• _Exercise brief_:
Nothing outside the range is to be copied. From the entries below, reproduce exactly the lines starting at the one with "Dimensioner på stole94 x 43 x 49 cm" and ending at the one with "BandarLampung, Sumberpintar.com Wali", without pictures.

• _Material provided_:
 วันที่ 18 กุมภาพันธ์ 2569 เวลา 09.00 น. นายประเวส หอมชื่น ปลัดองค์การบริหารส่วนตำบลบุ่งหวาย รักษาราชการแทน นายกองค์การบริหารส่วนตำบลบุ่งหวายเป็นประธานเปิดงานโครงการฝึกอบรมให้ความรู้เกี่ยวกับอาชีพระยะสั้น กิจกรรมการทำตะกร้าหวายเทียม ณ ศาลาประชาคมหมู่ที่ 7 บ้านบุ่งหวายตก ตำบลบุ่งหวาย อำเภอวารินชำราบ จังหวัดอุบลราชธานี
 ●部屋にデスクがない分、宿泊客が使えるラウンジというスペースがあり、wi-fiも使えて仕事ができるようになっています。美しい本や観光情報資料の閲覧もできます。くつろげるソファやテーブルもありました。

---

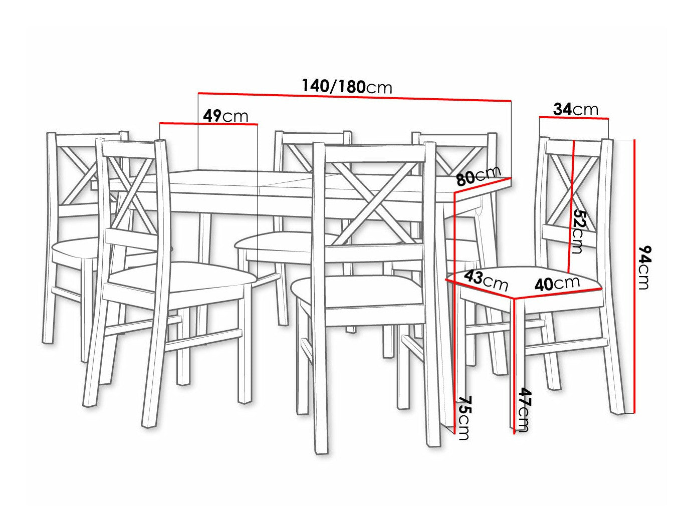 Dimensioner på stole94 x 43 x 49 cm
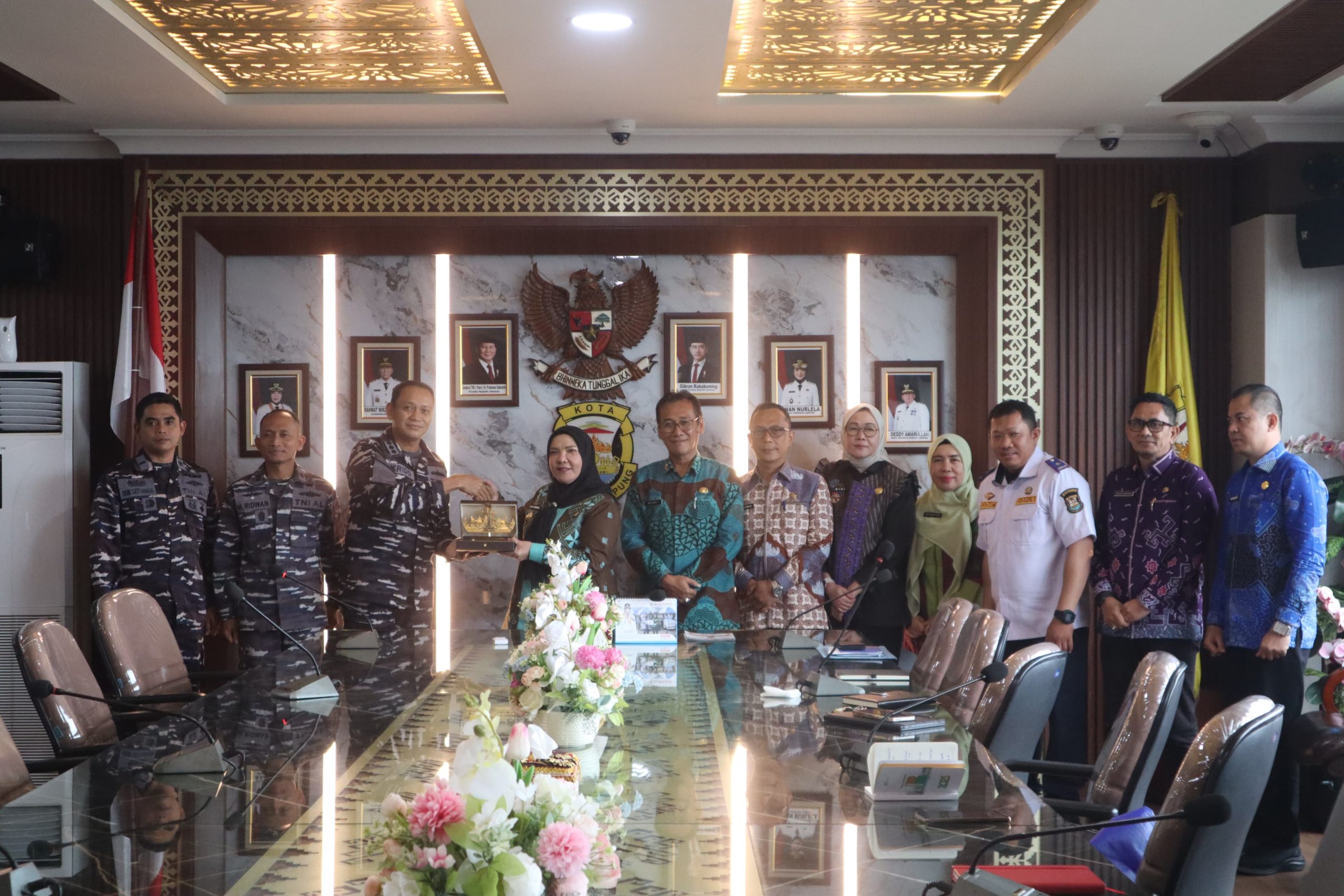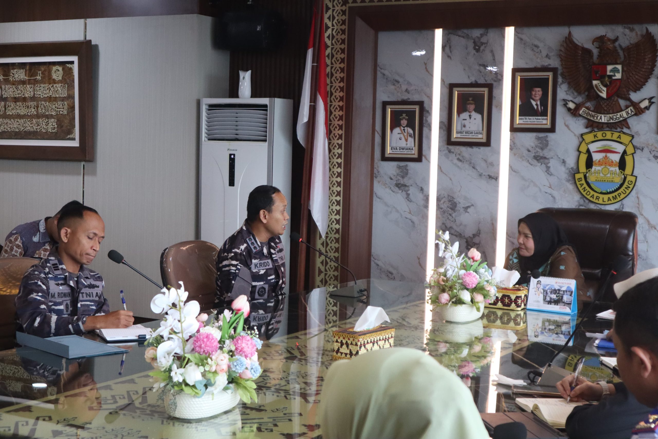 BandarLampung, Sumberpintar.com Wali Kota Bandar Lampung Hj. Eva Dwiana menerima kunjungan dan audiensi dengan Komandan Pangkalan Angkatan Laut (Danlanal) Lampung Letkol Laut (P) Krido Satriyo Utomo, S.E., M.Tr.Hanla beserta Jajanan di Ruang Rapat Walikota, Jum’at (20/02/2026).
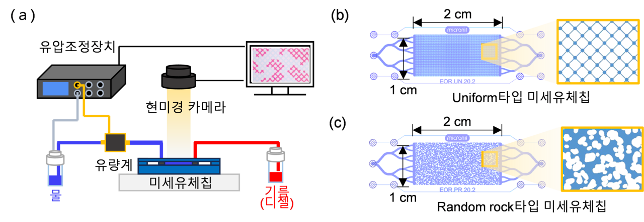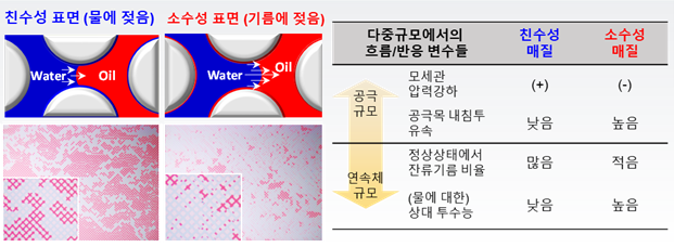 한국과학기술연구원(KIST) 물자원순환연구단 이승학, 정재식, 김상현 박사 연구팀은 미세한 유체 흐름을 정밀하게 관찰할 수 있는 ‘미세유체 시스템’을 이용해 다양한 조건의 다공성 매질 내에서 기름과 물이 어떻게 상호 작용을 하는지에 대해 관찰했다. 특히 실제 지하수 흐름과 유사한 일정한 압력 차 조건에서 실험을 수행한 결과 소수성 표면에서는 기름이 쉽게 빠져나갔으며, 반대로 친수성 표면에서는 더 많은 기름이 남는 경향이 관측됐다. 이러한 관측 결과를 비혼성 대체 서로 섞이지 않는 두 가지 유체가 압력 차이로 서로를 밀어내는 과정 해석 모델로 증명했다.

...

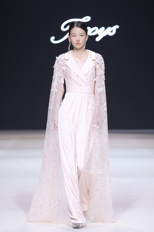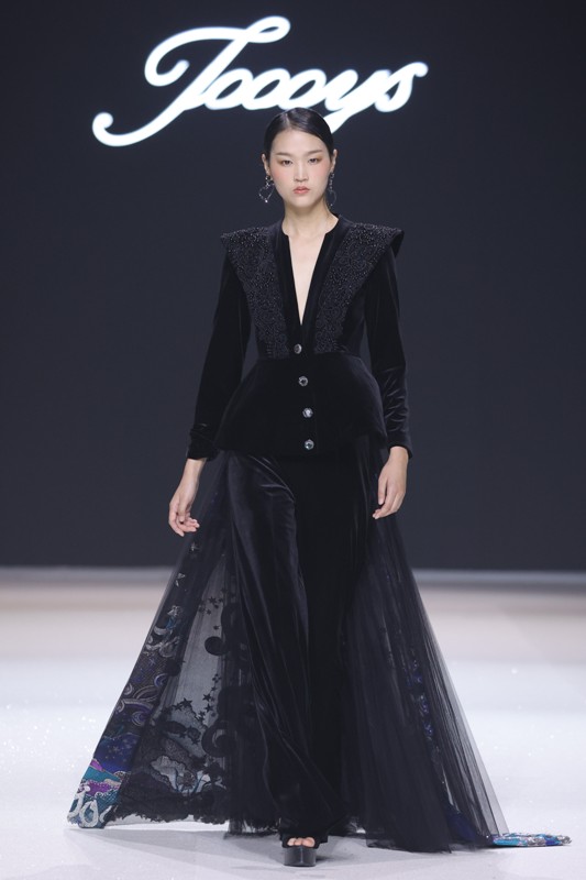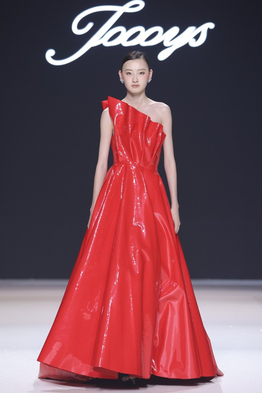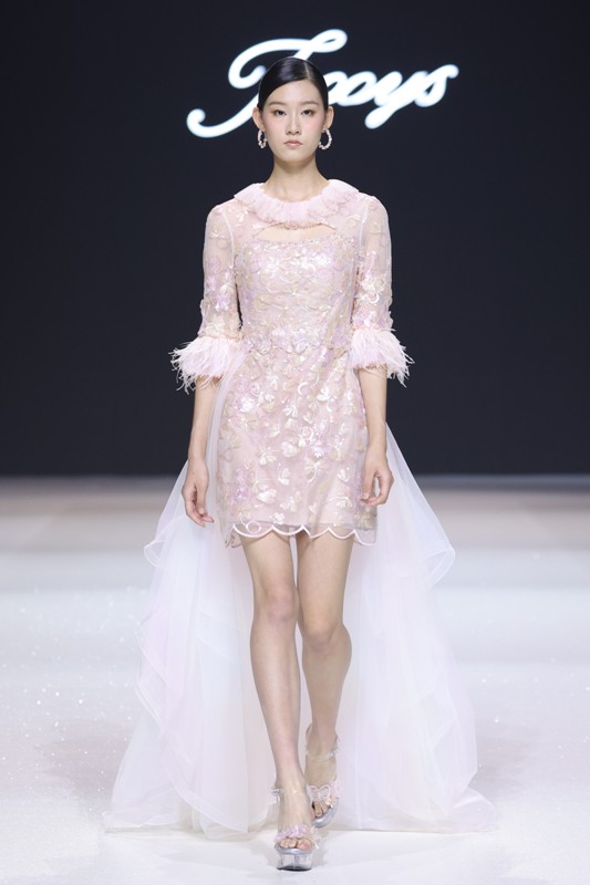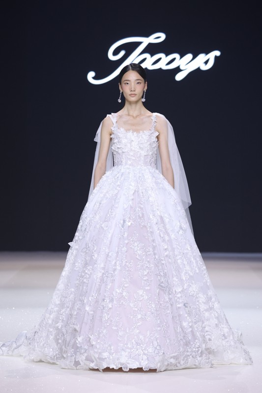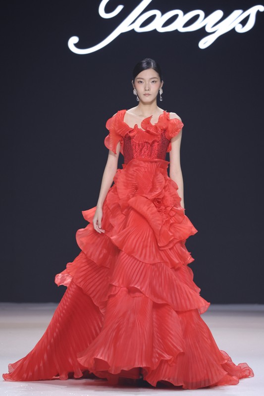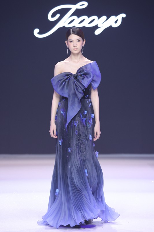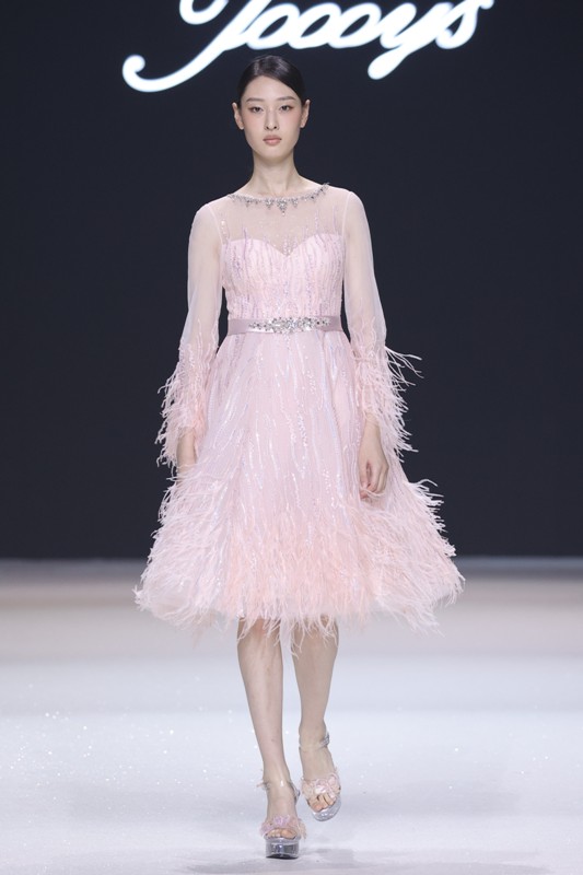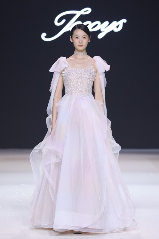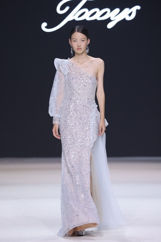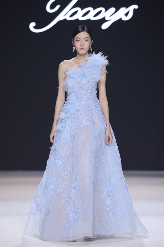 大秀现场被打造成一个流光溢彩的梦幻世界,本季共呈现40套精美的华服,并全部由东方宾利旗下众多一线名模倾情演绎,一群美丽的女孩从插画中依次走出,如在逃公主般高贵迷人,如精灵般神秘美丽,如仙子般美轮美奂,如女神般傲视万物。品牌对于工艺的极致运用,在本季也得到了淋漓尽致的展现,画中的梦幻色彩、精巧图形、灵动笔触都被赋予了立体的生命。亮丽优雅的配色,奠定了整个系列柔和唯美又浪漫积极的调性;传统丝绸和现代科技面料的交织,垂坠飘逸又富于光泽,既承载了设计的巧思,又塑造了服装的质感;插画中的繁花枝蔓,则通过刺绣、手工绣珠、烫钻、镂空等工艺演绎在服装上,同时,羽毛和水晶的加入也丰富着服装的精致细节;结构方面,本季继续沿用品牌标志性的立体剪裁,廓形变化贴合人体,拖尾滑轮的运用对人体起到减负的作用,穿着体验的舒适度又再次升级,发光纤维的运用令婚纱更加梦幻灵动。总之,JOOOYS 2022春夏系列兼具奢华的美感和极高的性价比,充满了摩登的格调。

• _Task response_:
 Dimensioner på stole94 x 43 x 49 cm
 BandarLampung, Sumberpintar.com Wali Kota Bandar Lampung Hj. Eva Dwiana menerima kunjungan dan audiensi dengan Komandan Pangkalan Angkatan Laut (Danlanal) Lampung Letkol Laut (P) Krido Satriyo Utomo, S.E., M.Tr.Hanla beserta Jajanan di Ruang Rapat Walikota, Jum’at (20/02/2026).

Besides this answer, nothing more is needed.